* **Problem details**
As you reproduce every line below, keep it exactly as written and leave out the images.

◇ ◇ ◇

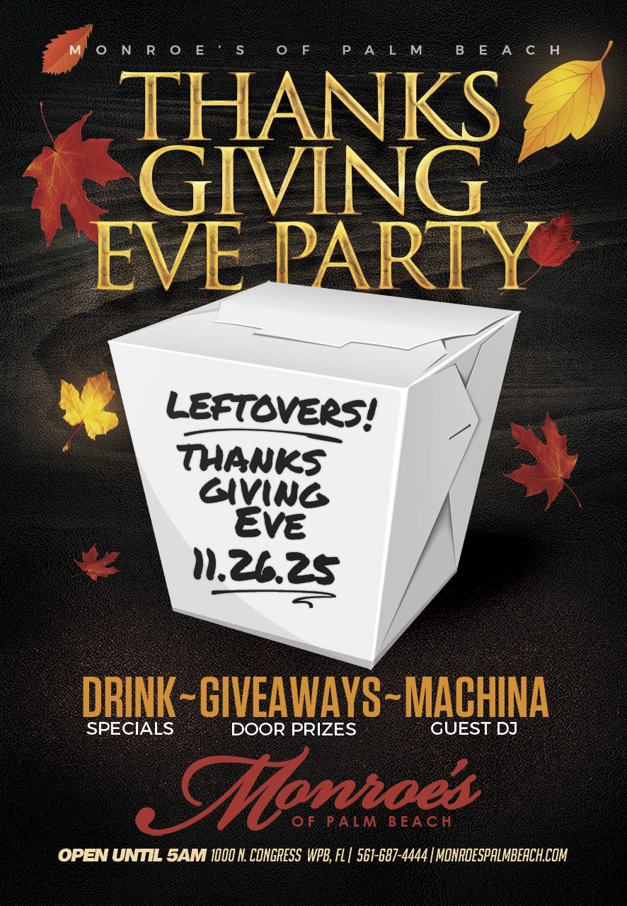 Monroe’s of Palm Beach is hosting a Thanksgiving Eve Party. “The Leftovers” Party features Live music by DJ Machina, Giveaway Door Prizes and your fall favorite craft cocktail drink specials. Bring your out of town guests and get ready for Thanksgiving 2025 at Monroe’s Palm Beach.
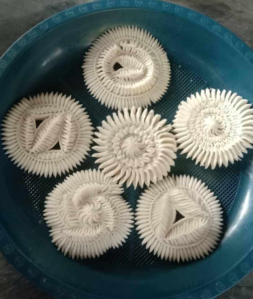 নকশি পিঠে মূলত শিল্প আর খাদ্যের মিলন। চালের গুঁড়ো দিয়ে ফুল, পাতা বা জ্যামিতিক নকশা এঁকে তেলে ভেজে নেওয়া হয়। গ্রামবাংলায় মেয়েরা দল বেঁধে নকশি পিঠে বানাতেন, যা সামাজিক মিলনেরও এক মাধ্যম ছিল।
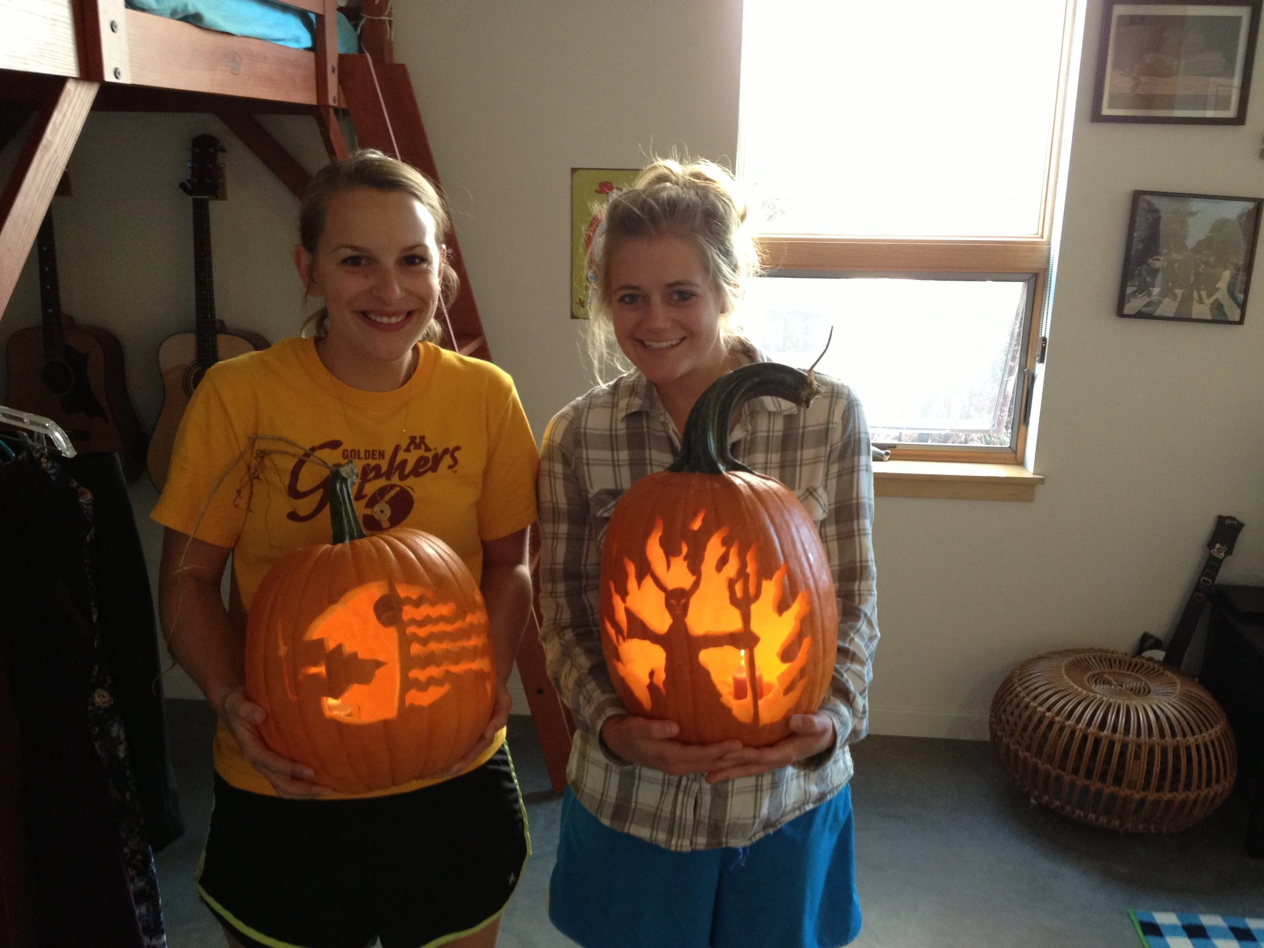 Bryana and Amanda carving pumpkins at Amanda’s St. Paul apartment.
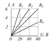 На рисунке приведены зависимости тока через резисторы от напряжения на них. Сопротивление
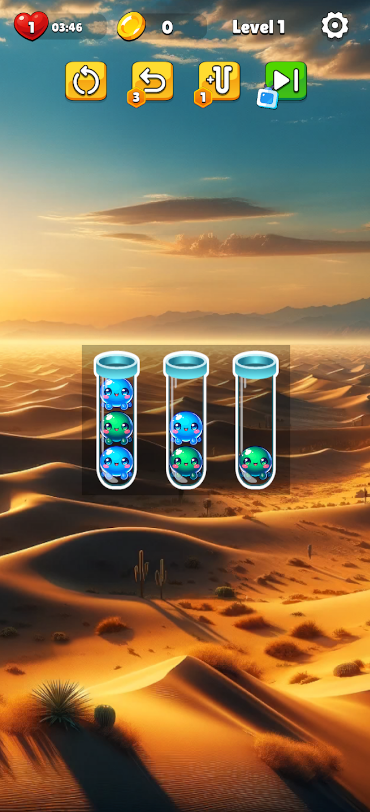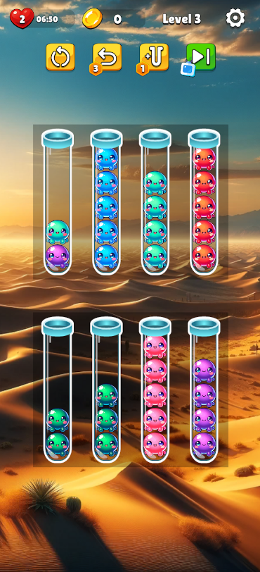 1、Sorting by color: In this game, players must sort colored balls and place them in the corresponding tubes. However, there is a catch: players can only stack cute monsters of the same color on top of each other.

◇ ◇ ◇

* **Written response**
 Monroe’s of Palm Beach is hosting a Thanksgiving Eve Party. “The Leftovers” Party features Live music by DJ Machina, Giveaway Door Prizes and your fall favorite craft cocktail drink specials. Bring your out of town guests and get ready for Thanksgiving 2025 at Monroe’s Palm Beach.
 নকশি পিঠে মূলত শিল্প আর খাদ্যের মিলন। চালের গুঁড়ো দিয়ে ফুল, পাতা বা জ্যামিতিক নকশা এঁকে তেলে ভেজে নেওয়া হয়। গ্রামবাংলায় মেয়েরা দল বেঁধে নকশি পিঠে বানাতেন, যা সামাজিক মিলনেরও এক মাধ্যম ছিল।
 Bryana and Amanda carving pumpkins at Amanda’s St. Paul apartment.
 На рисунке приведены зависимости тока через резисторы от напряжения на них. Сопротивление
 1、Sorting by color: In this game, players must sort colored balls and place them in the corresponding tubes. However, there is a catch: players can only stack cute monsters of the same color on top of each other.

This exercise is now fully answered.